Not for the first time during his Chelsea tenure, Rafael Benitez feels trapped in an "impossible" situation.
The interim manager takes his team to Southampton in the Premier League this afternoon for the club's 54th game of a gruelling season and he is vexed by the 55th coming a little less than 48 hours later.
Chelsea face Manchester United in the FA Cup quarter-final replay at 12.30pm on Easter Monday.
“Physiologically, it’s impossible,” Benitez said. “The day after a game you feel really tired, but two days afterwards you feel even more tired. It’s the reality. This second day will be really tough for everyone.”
It stands to be the same for both teams and United would argue they have more travelling to endure. They go to Sunderland in the league today and the cup tie will be played at Stamford Bridge. United, though, do have the 12.45pm early kick-off at the Stadium of Light.
But Benitez is worried because there is rather less riding on United’s trip to Wearside than his team’s to Southampton. United have room for manoeuvre at the top of the table – a 15-point lead is the fluffiest of cushions – while Chelsea dare not falter in the race for Champions League qualification.
The feeling is Alex Ferguson will pick entirely different lineups against Sunderland and Chelsea, having earned the right to do so, but Benitez’s hand is more forced.
“We can’t play two different teams,” he said. “I try to keep the level. The difference is that they are 15 points ahead, so maybe they can say, ‘Okay, we do that and see what happens’. We can’t do that. We have to find a very competitive team for Southampton, with the other game in our head because we can’t forget we have just 48 hours.
“I don’t want to use this as an excuse because some people say, ‘oh, he’s making excuses’. No. The reality is that, because of their position in the table, they have an advantage and they will not have another [European] competition . . . they are not in the Champions League. For them, it’s clear. The priority will be the FA Cup.”
Do-or-die
Benitez could not say which of the two fixtures was the more important to Chelsea. A top-four finish is the club's priority, but the Cup tie against United is do-or-die and steeped in A-list glamour. The margins are suffocatingly slim and Benitez's every selection feels fraught.
“We have to pick a team that can beat Southampton, but if I don’t pick, for example, Ashley Cole – if I say Cole or [Ryan] Bertrand – if we lose, people say, ‘why didn’t you pick Cole?’ If you win, nobody will say anything. But then, if we lose against United, somebody will say, ‘you can do this or that’. You have to realise we have a lot of information [on the players] and, also, it’s not easy to make a decision because it’s impossible to be fully fit for the second game.

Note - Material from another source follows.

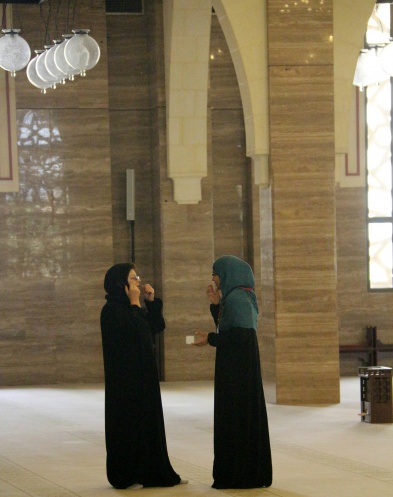 Нас попросили подождать...Да, я знала, что в мечети, даже если приходишь один, обязательно дают бесплатного экскурсовода. И действительно, ровно через пять минут прибежала наша девушка, кстати, волонтер (их работает в мечети очень много), мы разулись, я вручила мужу камеру, потому что слушать (по-английски) и одновременно фотографировать, было бы невежливо

“For four months, we have been playing one game every three or four days more or less, we know how to handle this, but two days? It’s impossible to have fresh legs if you play the 90 minutes against Southampton.”
Police said Chelsea’s Cup tie against United could not have a later kick-off time because of Fulham’s league derby with Queens Park Rangers at Craven Cottage on Monday night, and the Chelsea schedule rumbles on relentlessly. They play Rubin Kazan at Stamford Bridge in the Europa League quarter-final first leg on Thursday night. “We have two [clear] days before Kazan, so it will be the third day,” Benitez said. “Four days is fine, three days is very close. But two days will be impossible. When we played two games in three days at Christmas, teams couldn’t cope with the intensity of the second game and you could beat them easily by changing players.
“Sometimes you are not playing at 100 per cent and still you can win because you are better than the other team. It depends on each player, each position and, also, the opposition.”
Benitez knows United are not the sort of team that can be rolled over at less than full power.